◆ **GIVEN RECORDS**
────
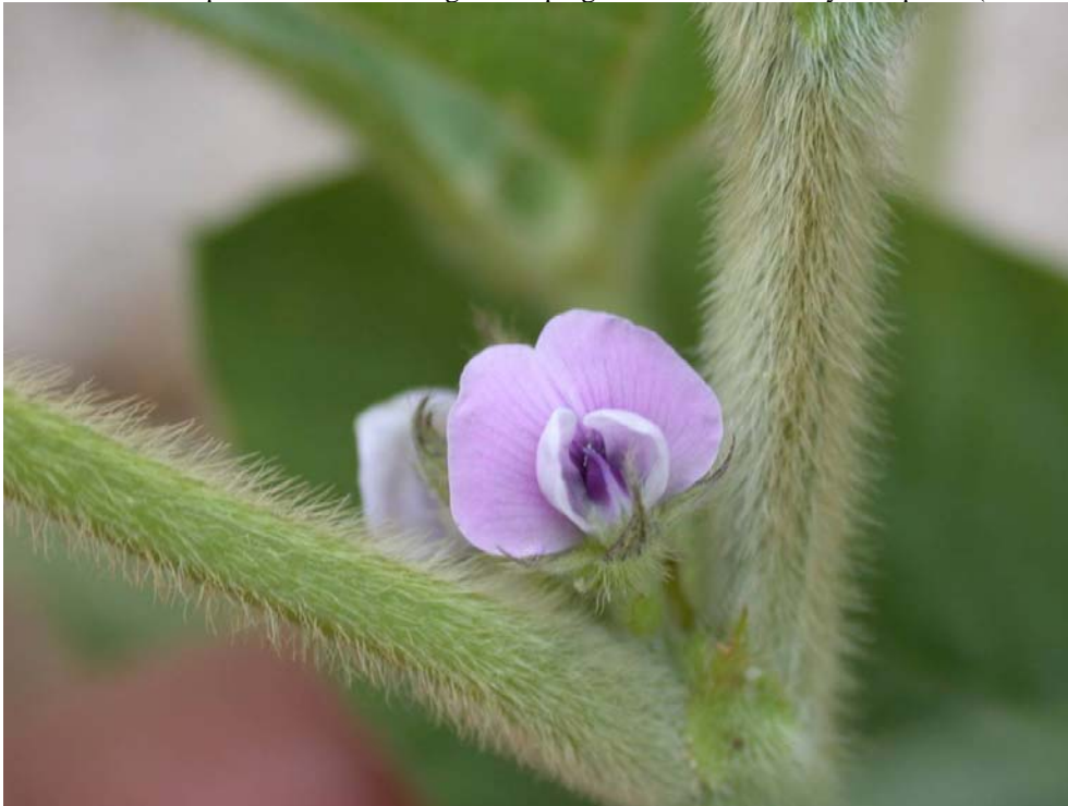
Photo 3. Close-up of leaf axil with open flower on a soybean plant.
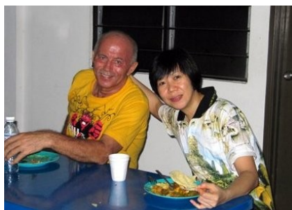
A nice portrait of a nice couple.
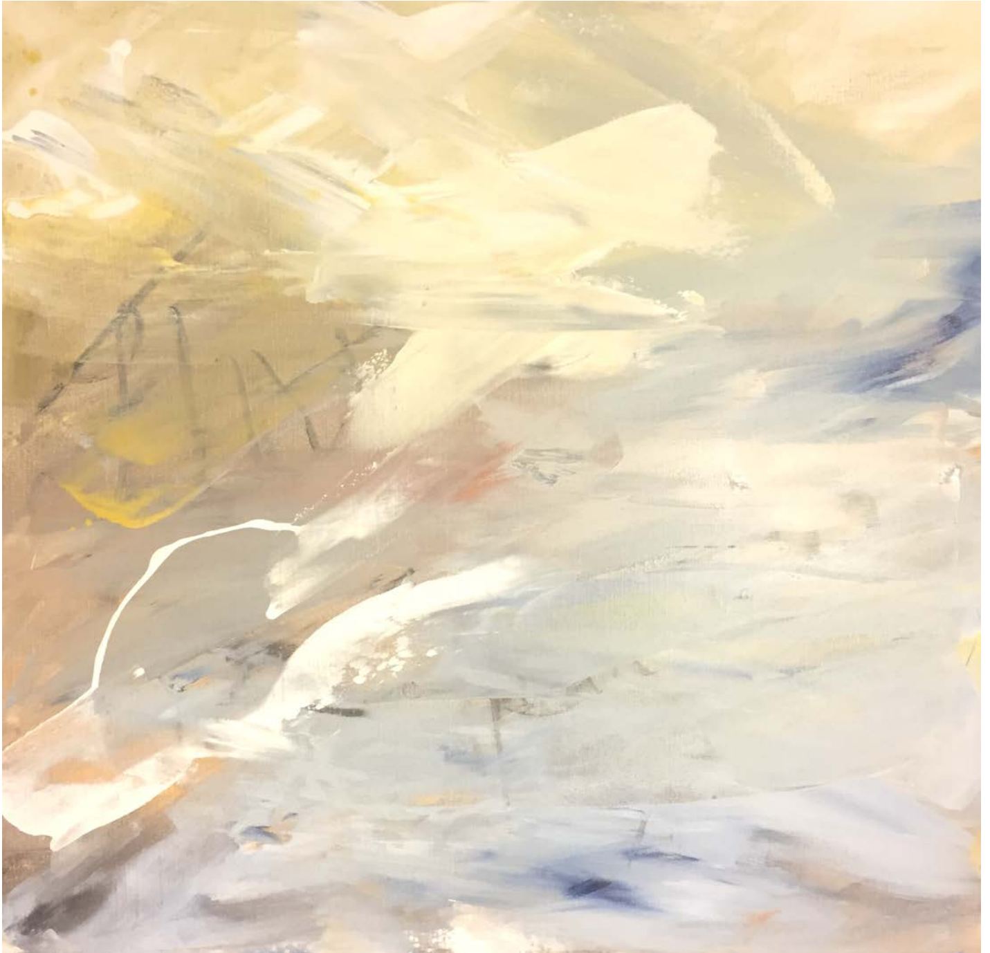
Thrive, 36 x 36, Acrylic
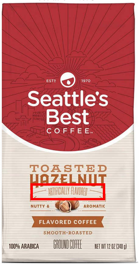
Illustration No. 3
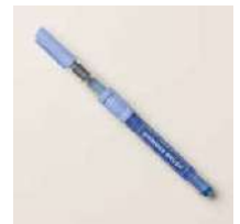
Hydrangea Hue Shimmer Brush [167663]
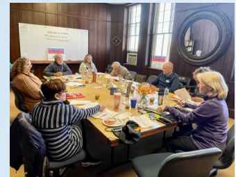
PCLR Synod Forum

It was an amazing two days in which people shared intimate details of their lives within the Church. One of the members of Pax Christi shared his person-
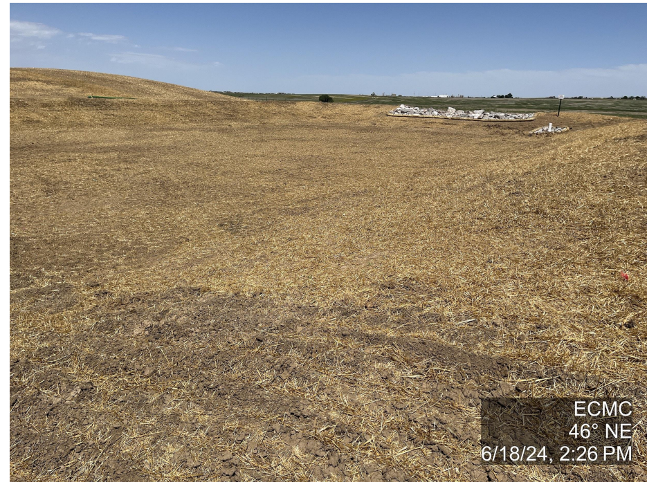
Photo 4. The photo was taken at the well location facing Northeast. The photo illustrates the sediment basin has been crimped and has an armored outlet/spillway per the stormwater plan.
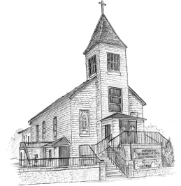
OUR LADY OF THE ROSARY OF FATIMA CHURCH 188 Wayne Street

OLRF: Sunday, 9:00 - 9:20 AM (Portuguese)
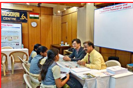
Japan Education Fair in progress
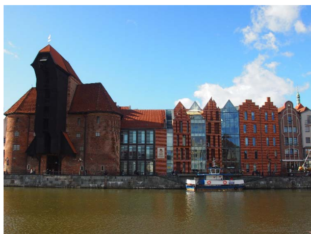
Figure 4. View from Ołowianka Island on The Maritime Cultural Center next to historic hallmark of Gdańsk - Żuraw.

The facades of the building recreate the rhythm of the former development, but with contrasting finishing materials: glass, dark wood and brick. Figure.4 This way, the unique character of the building may be emphasised which, at the same time, remains consistent with the aesthetics of the historic hallmark - the Gdańsk Żuraw. With a view to adapting to the existing architecture to the fullest extent possible and in the best manner possible and to make a reference to the past, a decision was made to incorporate ceramic materials, such as the Monk and Nun roof tiles, as well as manually formed and traditionally fired bricks of Gothic measurements.
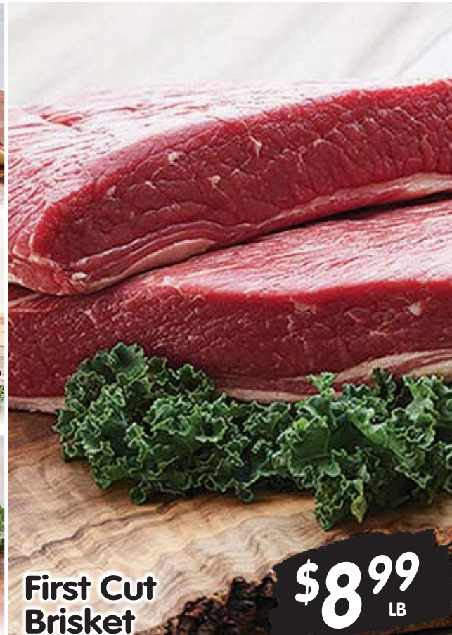
First Cut Brisket
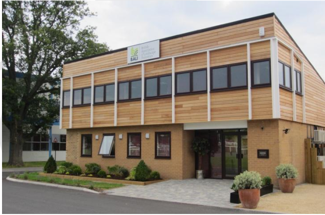
Unit 63 – let to BALI
────
◆ **WHAT IS BEING ASKED**
Return each line of the data where the word "Photo" appears.

◆ **ANSWER AREA**
Photo 3. Close-up of leaf axil with open flower on a soybean plant.
Photo 4. The photo was taken at the well location facing Northeast. The photo illustrates the sediment basin has been crimped and has an armored outlet/spillway per the stormwater plan.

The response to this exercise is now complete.